• **WHAT YOU SHOULD DO**:
Below this line are records; transcribe exactly the lines between the one holding "SEI 作为公链后起之秀,在 2023" and the one holding "Aflatoxin concentration differences", inclusive, and omit the pictures.

• **RECORDS SUPPLIED**:
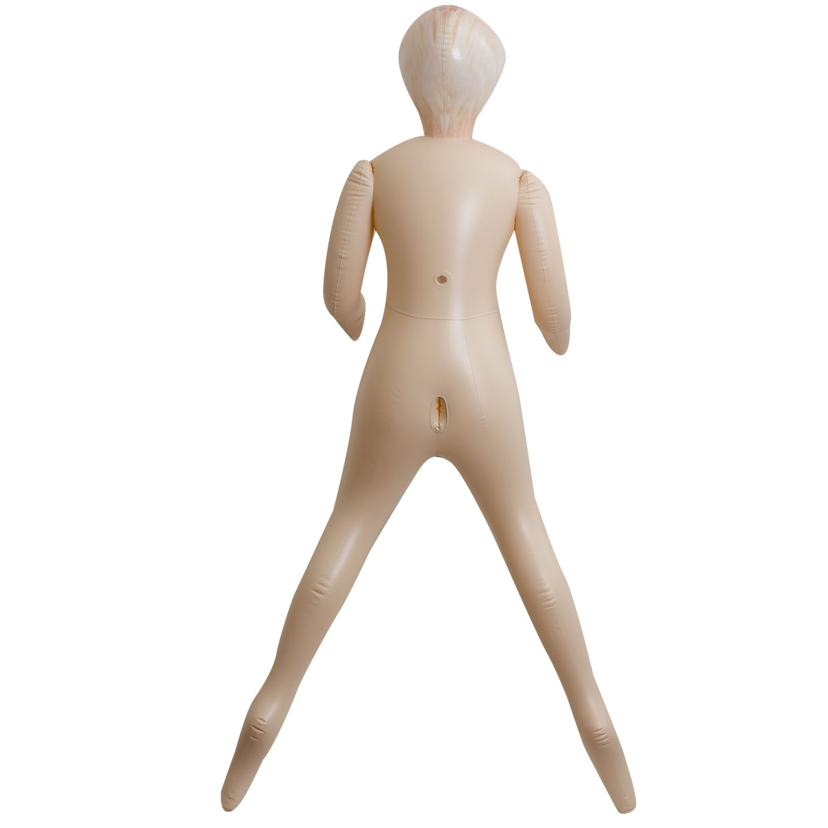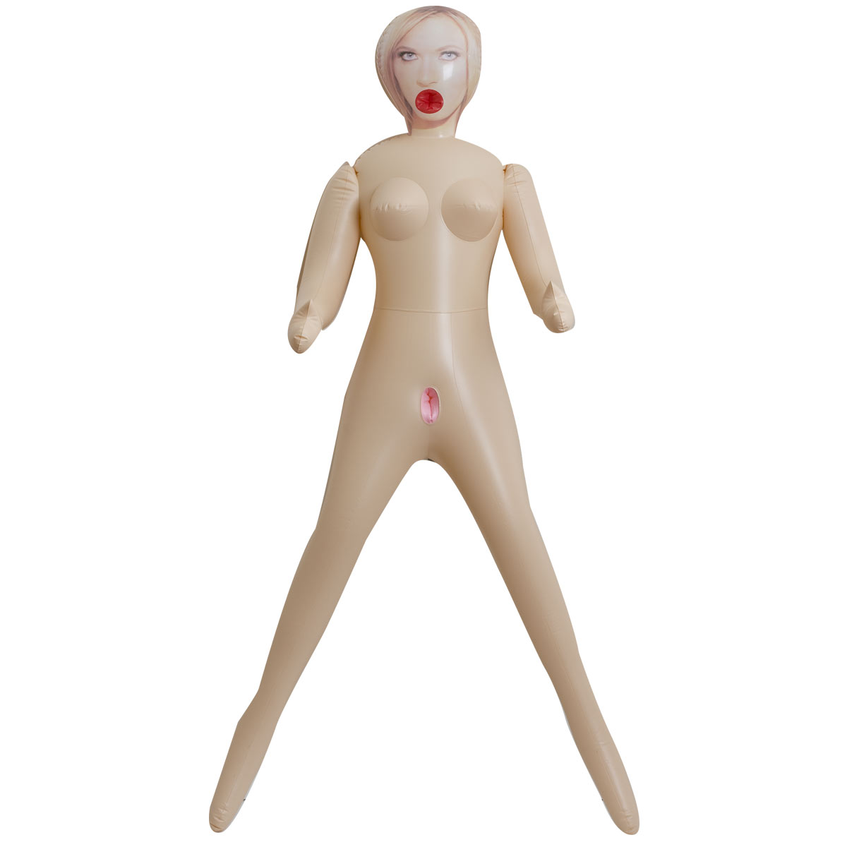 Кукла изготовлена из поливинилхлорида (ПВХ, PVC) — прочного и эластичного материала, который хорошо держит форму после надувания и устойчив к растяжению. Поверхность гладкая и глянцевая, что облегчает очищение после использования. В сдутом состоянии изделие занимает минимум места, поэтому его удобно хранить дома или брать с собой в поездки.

...

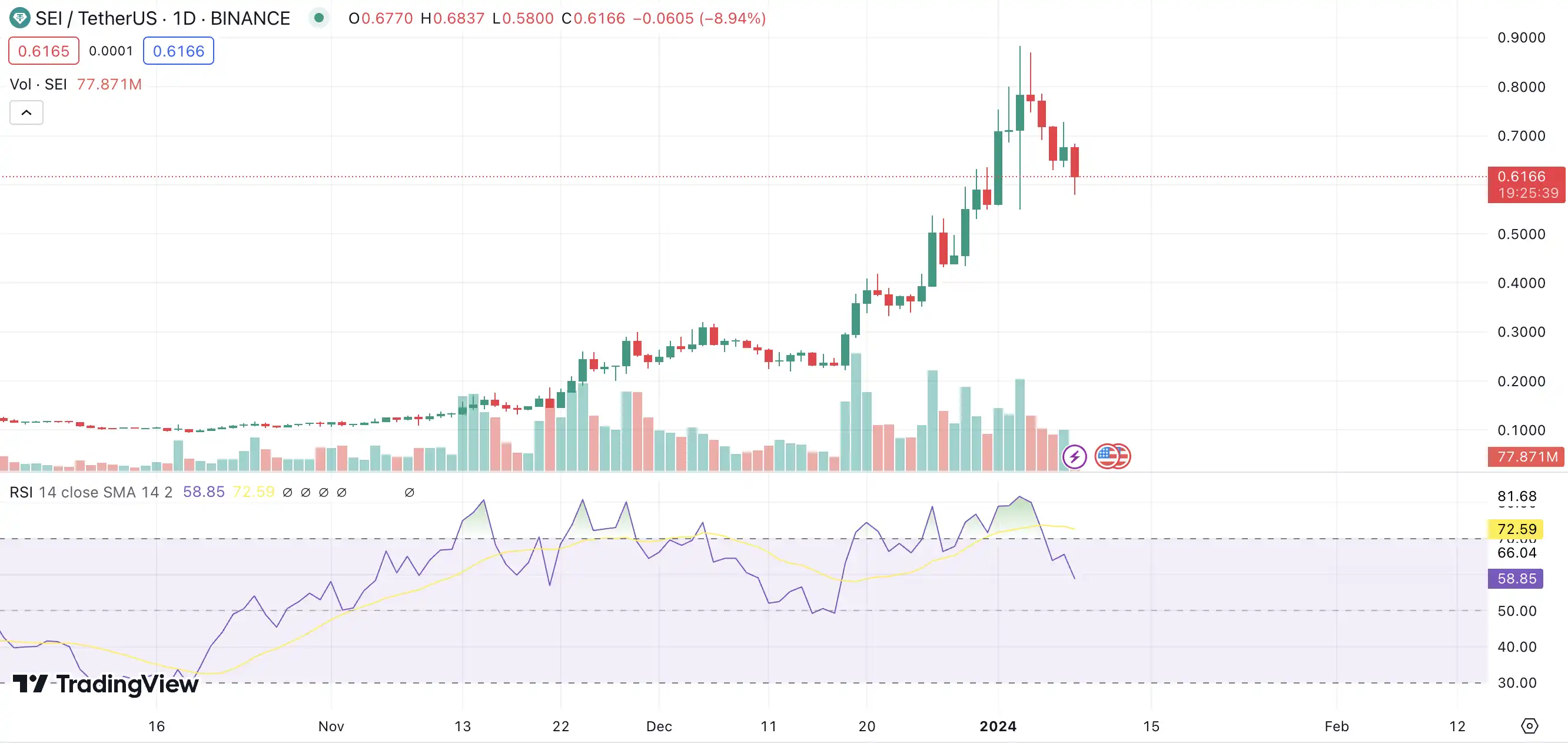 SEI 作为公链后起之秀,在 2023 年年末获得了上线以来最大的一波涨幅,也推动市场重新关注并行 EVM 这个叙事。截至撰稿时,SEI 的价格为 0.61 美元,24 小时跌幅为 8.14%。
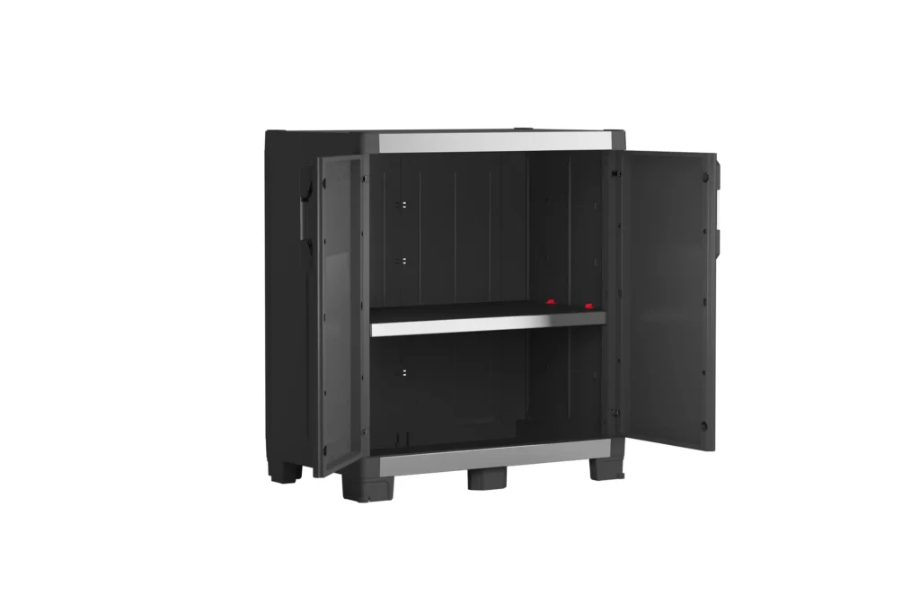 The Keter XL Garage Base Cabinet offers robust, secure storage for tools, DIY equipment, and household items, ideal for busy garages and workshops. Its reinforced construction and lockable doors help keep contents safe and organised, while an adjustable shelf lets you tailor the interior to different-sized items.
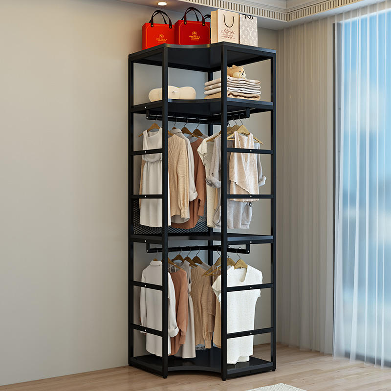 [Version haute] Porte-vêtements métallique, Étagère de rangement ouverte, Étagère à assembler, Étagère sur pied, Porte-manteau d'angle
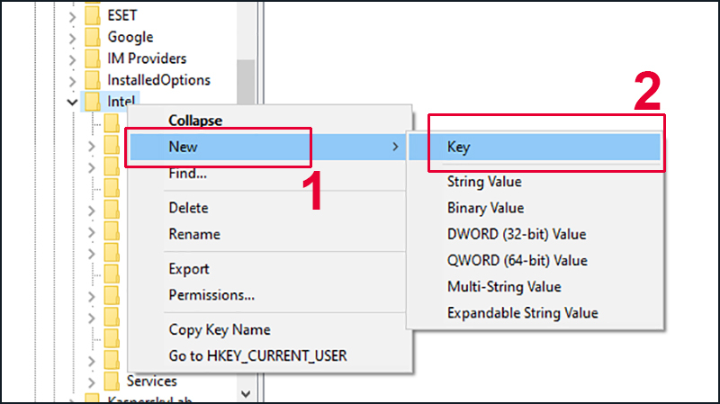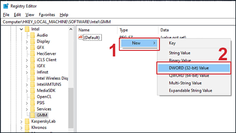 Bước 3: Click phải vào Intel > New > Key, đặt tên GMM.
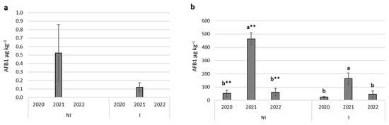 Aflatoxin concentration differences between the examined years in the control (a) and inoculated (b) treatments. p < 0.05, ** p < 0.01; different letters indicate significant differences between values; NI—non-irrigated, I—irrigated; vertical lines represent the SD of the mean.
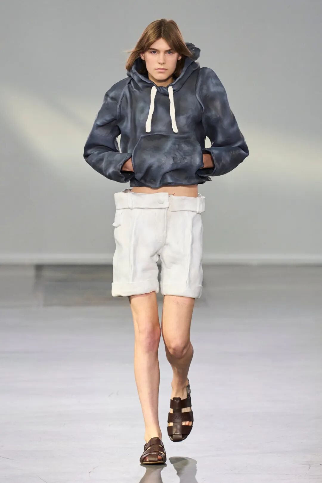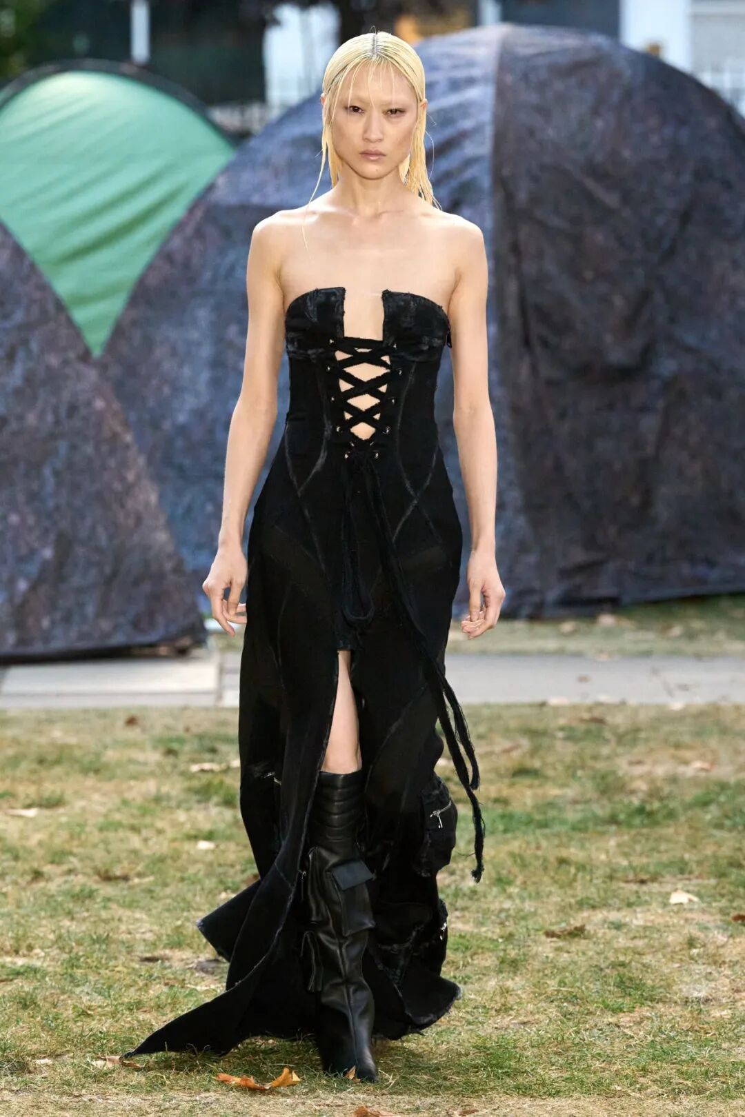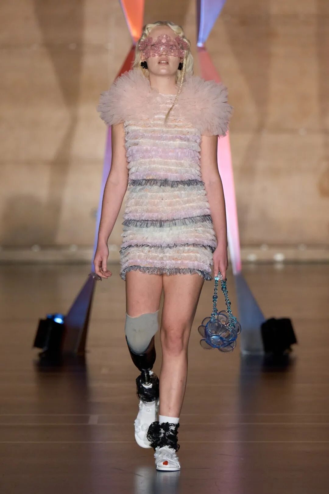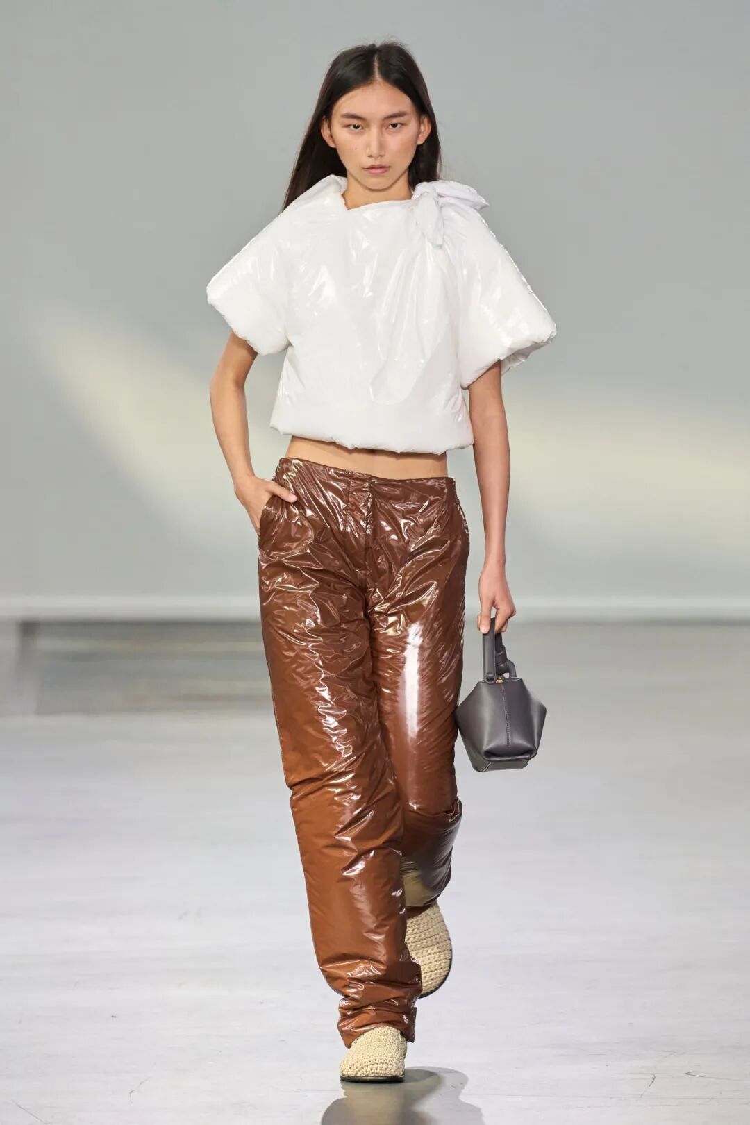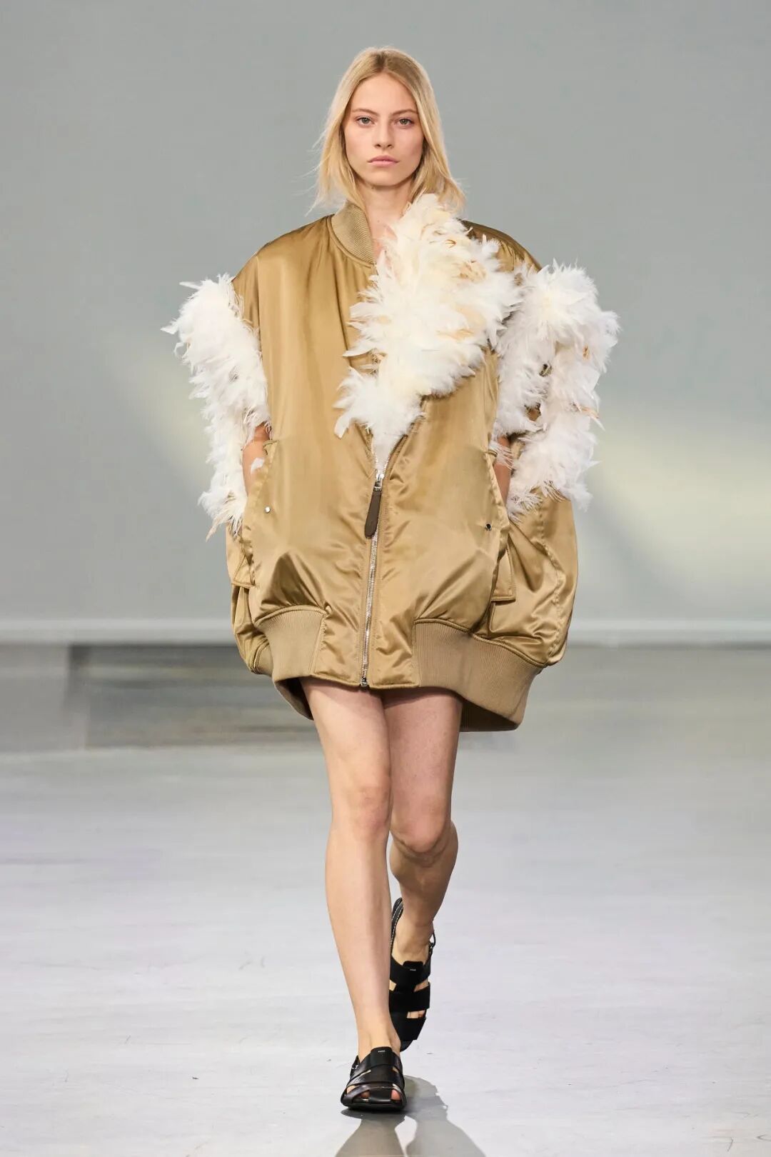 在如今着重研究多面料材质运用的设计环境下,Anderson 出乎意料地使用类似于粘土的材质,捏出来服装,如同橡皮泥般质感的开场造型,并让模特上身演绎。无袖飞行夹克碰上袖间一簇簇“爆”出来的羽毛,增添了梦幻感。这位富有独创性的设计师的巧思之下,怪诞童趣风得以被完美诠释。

...

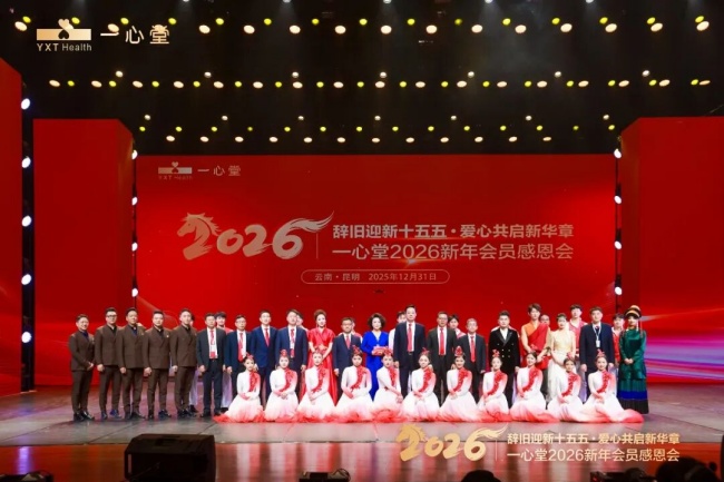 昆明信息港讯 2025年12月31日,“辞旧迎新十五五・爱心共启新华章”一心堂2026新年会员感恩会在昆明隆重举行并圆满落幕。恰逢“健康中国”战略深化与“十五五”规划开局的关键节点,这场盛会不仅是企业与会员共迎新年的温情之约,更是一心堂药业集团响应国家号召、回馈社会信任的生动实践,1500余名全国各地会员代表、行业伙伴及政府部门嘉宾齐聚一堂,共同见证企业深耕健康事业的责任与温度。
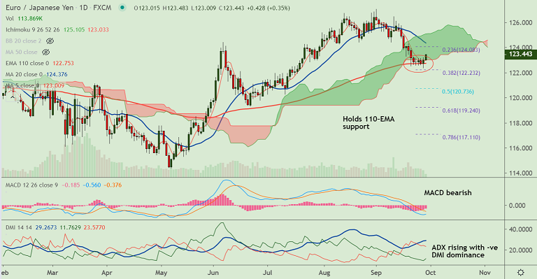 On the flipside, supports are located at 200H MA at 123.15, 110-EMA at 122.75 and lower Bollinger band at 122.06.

• **ANSWER SPACE**:
 SEI 作为公链后起之秀,在 2023 年年末获得了上线以来最大的一波涨幅,也推动市场重新关注并行 EVM 这个叙事。截至撰稿时,SEI 的价格为 0.61 美元,24 小时跌幅为 8.14%。
 The Keter XL Garage Base Cabinet offers robust, secure storage for tools, DIY equipment, and household items, ideal for busy garages and workshops. Its reinforced construction and lockable doors help keep contents safe and organised, while an adjustable shelf lets you tailor the interior to different-sized items.
 [Version haute] Porte-vêtements métallique, Étagère de rangement ouverte, Étagère à assembler, Étagère sur pied, Porte-manteau d'angle
 Bước 3: Click phải vào Intel > New > Key, đặt tên GMM.
 Aflatoxin concentration differences between the examined years in the control (a) and inoculated (b) treatments. p < 0.05, ** p < 0.01; different letters indicate significant differences between values; NI—non-irrigated, I—irrigated; vertical lines represent the SD of the mean.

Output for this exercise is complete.